Raito Soil Mixing Wall (RSW)

RSW uses multiple auger, paddle shafts rotating in alternating directions to mix in-situ soil with cement grout, bentonite slurry, clay slurry,  or other stabilizing reagent slurries to install continuous subsurface soil-cement walls for excavation support and groundwater or underground pollutants control, or ground reinforcement; column blocks, lattice, or areal patterns for stabilization.   The soil-cement is usually reinforced with steel H-piles when used for excavation support along with groundwater control.  Applicable subsurface soils are soft to hard silt and clay, loose to very dense sand, gravel, a cobble soils, cobble and boulder soil and bedrock with predrilling.

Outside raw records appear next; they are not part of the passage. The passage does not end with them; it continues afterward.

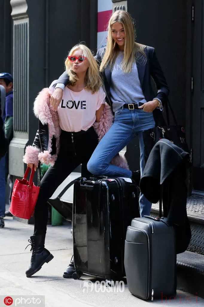 Elsa Hosk也pick過(guò)這一件,黑色漆皮淡粉色的。粉色的毛毛超有少女感,搭配一條黑色高腰褲,又甜又颯。
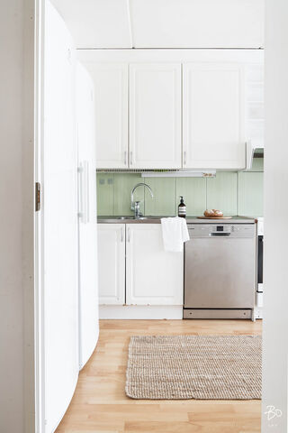 Varustus: keraaminen liesi, uuni, liesituuletin, astianpesukone, täyskorkeat jääkaappi ja pakastin. Työtasot: laminaatti. Seinät maalattu, lattia laminaatti
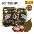 | 原材料名 | 桜葉(静岡県)、漬け原材料(食塩)/焼ミョウバン、pH調整剤 |
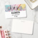 A name tag with a pretty pastel coloured photograph. Featuring cake decorating items in pastel blue, pink, peach and yellow. Set upon a wood table with little colourful beads.
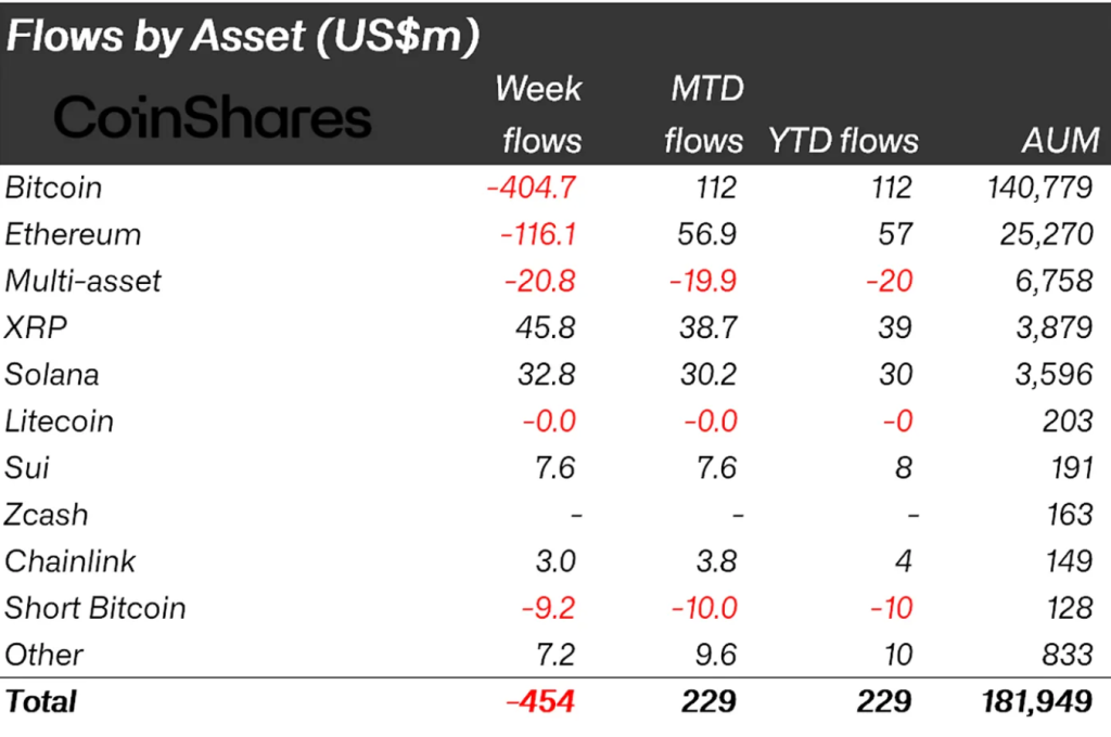Со 2 по 10 декабря криптовалютные инвестиционные продукты зафиксировали отток средств в размере $454 млн. Об этом говорится в отчете CoinShares.

RSW shoring installations facilitate sheer excavation for grade separation or underground construction in a dense urban environment where there isn’t enough room for sloping and where low noise/low vibration construction may be required. The RSW method offers advantages over traditional pile and lagging methods by also providing groundwater cutoff in high water table environments.

Application and Design

Excavation Support Wall

RSW walls constructed with wide flange or soldier pile steel beams are very stiff and offer a cost-effective alternative to slurry walls and secant pile walls.  

Steel H-pile or other reinforcement members are installed inside the soil-cement wall to resist the lateral forces before the soil-cement hardens.  The reinforce soil mix wall becomes a structural wall for excavation support and groundwater control. 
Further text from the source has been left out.